Nessuna condotta illecita attribuibile al politico che in pieno comizio contesta all’avversario di avergli fatto pressioni affinché la moglie potesse ricevere dal Comune incarichi professionali. Priva di fondamento, di conseguenza, la richiesta di risarcimento presentata dalla donna, la quale ha lamentato, in sostanza, di essere stata pesantemente diffamata. Per i giudici i fatti vanno contestualizzati. Ciò significa che le dichiarazioni offensive pronunciate dal politico finito poi sotto processo debbono essere ricondotte all’esercizio del diritto di critica, essendo state pronunciate nel corso di un comizio. Più precisamente, secondo i giudici si tratta di critica politica, il cui esercizio consente l’utilizzo di espressioni forti e anche suggestive al fine di rendere efficace il discorso.
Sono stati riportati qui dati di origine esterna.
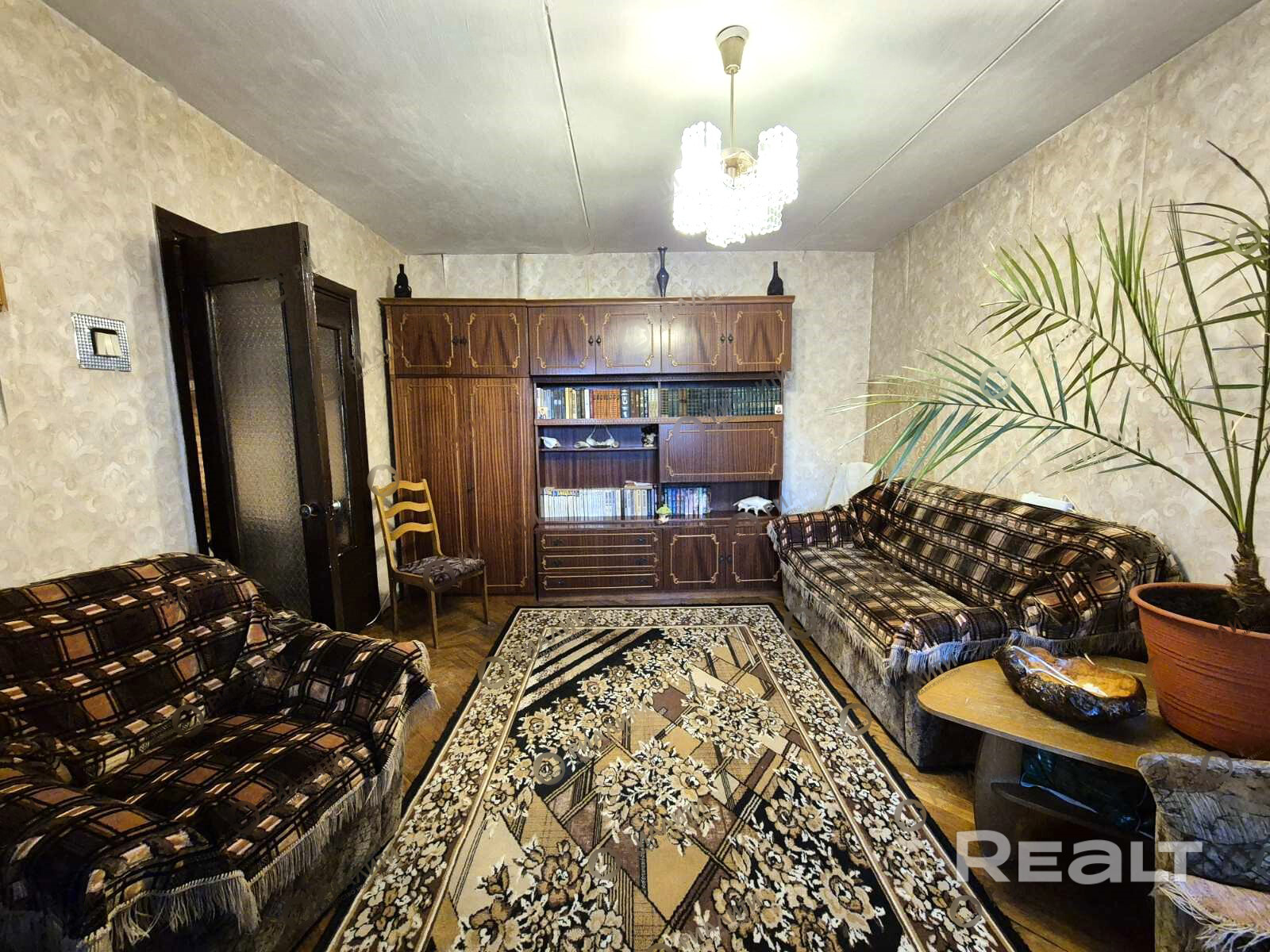 Квартира в жилом виде: потолки - побелены, на полу паркет, стены оклеены обоями, санузел облицован плиткой, окна ПВХ (кроме спальни), входная дверь деревянная, межкомнатные старого образца.

E comunque l’offesa contenuta nelle dichiarazioni pronunciate dall’esponente politico nel contesto di un comizio era da riferirsi, precisano i giudici, non alla donna ma al marito, in quanto la critica politica consisteva proprio nell’attribuire al proprio avversario l’intenzione di raccomandare politicamente la moglie perché potesse ottenere incarichi dal Comune. (Ordinanza 14175 del 5 maggio 2022 della Corte di Cassazione)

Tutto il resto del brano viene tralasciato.